1632年(寛永9年)に加藤家改易(かいえき:大名などの武士から身分を剥奪してその所領や屋敷などを没収する刑罰)の後、代わりに肥後藩主となった細川忠利に召し抱えられます。

又七は京都で布目象嵌ぬのめぞうがんの技術を習得すると、銃身に象嵌を施した鉄砲を作るようになりました。

布目象嵌は、鉄の表面に多方向から細い切れ目を入れ、その切れ目に金銀等を打ち込む象嵌技法です。

後に鐔師つばし:刀の鐔を作る職人に転向し、肥後鐔(ひごつば)の制作にあたるようになります。

また、忠利の父である細川忠興は上品で優美な趣を好み、八代に隠居の際鍛治の名匠たちを召し抱えました。

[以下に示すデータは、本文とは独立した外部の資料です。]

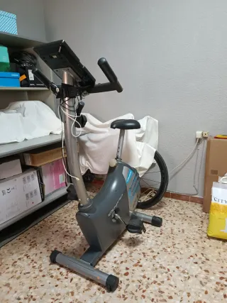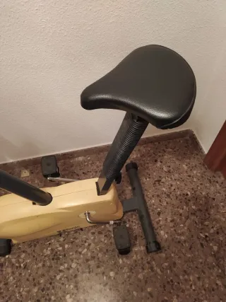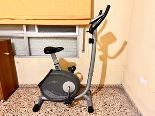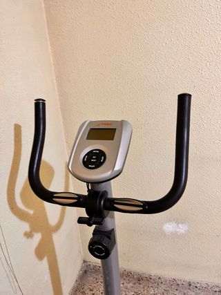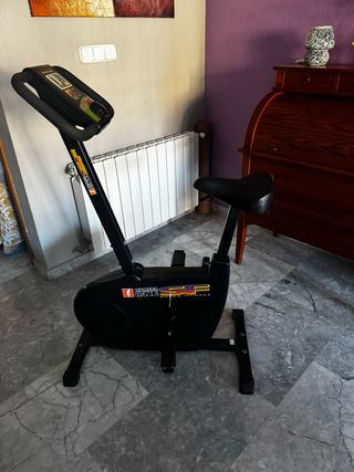 Bicicleta estática en buen estado, ideal para entrenar en casa. Su diseño es compacto y funcional. - Pantalla digital con información de entrenamiento. - Manillar ergonómico. - Sillín ajustable en altura. - Pedales con correas de sujeción.
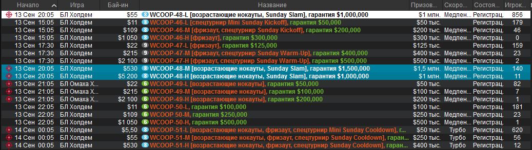 Воскресное расписание WCOOP на PokerStars включает 18 событий в трех разных диапазонах бай-инов от $5,50 до $5,200. Расписание состоит из специальных версий воскресных турниров Sunday Slam, Sunday Kickoff, Sunday Warm Up. Также включены события по Омахе Хай-Лоу с бай-инами $22, $215 и $2.100. Главные события стартуют в 20:05:

各家はお抱え工として刀装金具制作の技を競い合い、多くの名品を後世に残しました。

このように細川家の庇護の元、肥後象嵌の技術は磨かれ発展していきます。

江戸時代末期(1793〜1868年頃)には、「林又七の再来」と称された名人「神吉楽寿かみよしらくじゅ1817〜1884年」の出現により、肥後の金工の名声を不動のものにします。

この楽寿は林派の継承者である神吉家の3代目であり、象嵌や透かしなどの精巧な技術を駆使し、鐔や小道具に優れた作品を残しました。

しかし明治維新以後、廃刀令により刀剣金具の需要がなくなると各家の名工たちの大半も転廃業の憂き目にあいます。

衰退してしまったかのように思われた肥後象嵌ですが、装身具や器具の装飾として技術を応用することで活路を見いだし、その伝統を今に受け継いでいます。

現代では、伝統的工芸品として親しまれているとともに、ファッションやインテリアなどの新しい分野にも進出しています。